Part of Faison’s push to get corpsmen into the community also stemmed from the Navy’s need to compete with “minute clinics,” online healthcare services, unregulated cellphone medical apps of dubious accuracy and other 21st century innovations designed to woo patients with convenience.
While they proliferated and Congress offered more choices for military families to find care in town, Faison faced the dilemma of military hospitals becoming irrelevant to a younger generation of sailors.
Fewer patients meant less chances for corpsmen to learn about taking care of the sick and injured. And the inability for government electronic records systems to connect with private sector providers spelled trouble for a service that needs to take the pulse of its personnel.
“The last thing I ever want is a CO to call me and say, ‘Doc, what’s going on with my sailor?’ and I’ve got to say, ‘I don’t know. He’s getting his care somewhere else,’” Faison told Navy Times.
Navy medicine had to reinvent itself, driving costs down and patient outcomes up. Faison’s mantra became “value-based care,” the subject of his speech in Brazil. His Navy got so good at it, Faison found himself moonlighting as an instructor every few months at Harvard Business School, where he taught healthcare executives the lessons his physicians were learning nationwide.

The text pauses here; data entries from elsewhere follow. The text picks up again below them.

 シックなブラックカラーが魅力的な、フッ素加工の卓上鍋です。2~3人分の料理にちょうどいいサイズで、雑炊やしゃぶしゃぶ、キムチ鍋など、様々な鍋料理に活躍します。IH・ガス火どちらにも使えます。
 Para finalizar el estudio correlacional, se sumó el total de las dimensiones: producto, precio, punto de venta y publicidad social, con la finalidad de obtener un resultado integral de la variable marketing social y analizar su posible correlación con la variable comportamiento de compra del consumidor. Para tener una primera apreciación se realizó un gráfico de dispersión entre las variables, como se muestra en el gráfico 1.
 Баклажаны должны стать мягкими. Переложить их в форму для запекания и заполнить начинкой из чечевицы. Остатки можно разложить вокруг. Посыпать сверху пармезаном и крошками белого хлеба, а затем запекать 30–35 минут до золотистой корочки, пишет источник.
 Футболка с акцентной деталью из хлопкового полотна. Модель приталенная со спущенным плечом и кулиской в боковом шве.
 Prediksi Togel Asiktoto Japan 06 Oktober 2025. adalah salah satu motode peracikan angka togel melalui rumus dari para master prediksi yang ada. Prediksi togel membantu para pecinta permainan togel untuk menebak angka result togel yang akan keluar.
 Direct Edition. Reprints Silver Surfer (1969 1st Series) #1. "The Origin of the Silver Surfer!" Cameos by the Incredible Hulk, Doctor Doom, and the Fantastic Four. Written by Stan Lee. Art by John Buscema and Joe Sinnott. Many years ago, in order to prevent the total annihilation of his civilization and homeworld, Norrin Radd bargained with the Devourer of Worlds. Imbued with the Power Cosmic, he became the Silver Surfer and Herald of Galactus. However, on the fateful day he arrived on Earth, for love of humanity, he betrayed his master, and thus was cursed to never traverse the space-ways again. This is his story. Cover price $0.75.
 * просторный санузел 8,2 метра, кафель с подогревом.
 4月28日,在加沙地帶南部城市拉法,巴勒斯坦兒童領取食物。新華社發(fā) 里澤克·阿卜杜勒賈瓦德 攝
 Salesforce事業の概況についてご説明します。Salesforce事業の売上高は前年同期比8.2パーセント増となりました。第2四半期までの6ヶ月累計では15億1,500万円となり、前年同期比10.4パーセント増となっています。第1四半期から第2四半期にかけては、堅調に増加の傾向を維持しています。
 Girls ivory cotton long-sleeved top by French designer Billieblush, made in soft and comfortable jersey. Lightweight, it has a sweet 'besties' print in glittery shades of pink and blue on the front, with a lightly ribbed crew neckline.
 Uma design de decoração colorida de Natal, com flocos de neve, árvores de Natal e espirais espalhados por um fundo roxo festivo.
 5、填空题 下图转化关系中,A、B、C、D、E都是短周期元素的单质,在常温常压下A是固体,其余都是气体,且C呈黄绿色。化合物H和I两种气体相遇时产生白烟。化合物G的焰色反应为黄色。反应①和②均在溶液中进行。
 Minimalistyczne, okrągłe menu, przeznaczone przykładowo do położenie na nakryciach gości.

“The first question we ask you is, ‘Hey, what would success be in your treatment?’ And we gear your treatment around what you consider to be a success,” Faison told Navy Times. “What does that mean? You now have skin in the game. What we’ve found is that when you do that, compliance goes up.”
For example, a retired sailor wants to walk his daughter down the aisle at her wedding, without suffering diabetic foot pain. That’s the goal. It’s the Navy’s job to figure out how to help get the patient there.
Sometimes, math and computer science help light a path. About one out of every five residents in San Diego County county qualifies for military healthcare. That’s roughly 250,000 people, but not every patient is the same.
The Navy discovered that 640 beneficiaries — about a quarter of 1 percent of the patient population —accounted for 15 percent of the Navy healthcare system’s costs there.
Because they use so many medical services, they’re nicknamed “hot spotters.” One patient averaged an ER visit daily.
And researchers began to realize that they also used municipal and county services, everything from 911 dispatch, firefighters and paramedics to police officers to connect with healthcare providers.
So Faison’s team targeted 200 of the patients in a program that partnered the Navy with local agencies to share services, such as home healthcare and monitoring equipment and transporting them to scheduled appointments instead of emergency room visits.
That saved the Navy $4 million in the first year, just for 200 people. The second year? $12 million.
“So then we looked at how we could predict who these people were going to be before they became hot spotters, because once they become hot spotters you’re already behind the power curve. They’re using our services.” said Faison.
Researchers developed algorithms to target those patients most likely to suffer complex, serious and expensive ailments, formulas that now are used increasingly across Navy Medicine.
Faison told Navy Times he wished he could’ve stayed a little longer to finish some of the reforms, especially those that leaned on telemedicine.
But after 39 years in uniform, retirement loomed and he had to close what he called “chapter 1” of his life.
He’s going to stay a physician, but he’s eyeing a “leadership in medical education” post somewhere, probably at a university medical school that concentrates on reaching out to underserved minorities.
“You know, you go into medicine to help people,” Faison said. “Chapter 2? I feel like I help people in this job and in my career in the military. Chapter 2 is an extension of that, just in a different way.”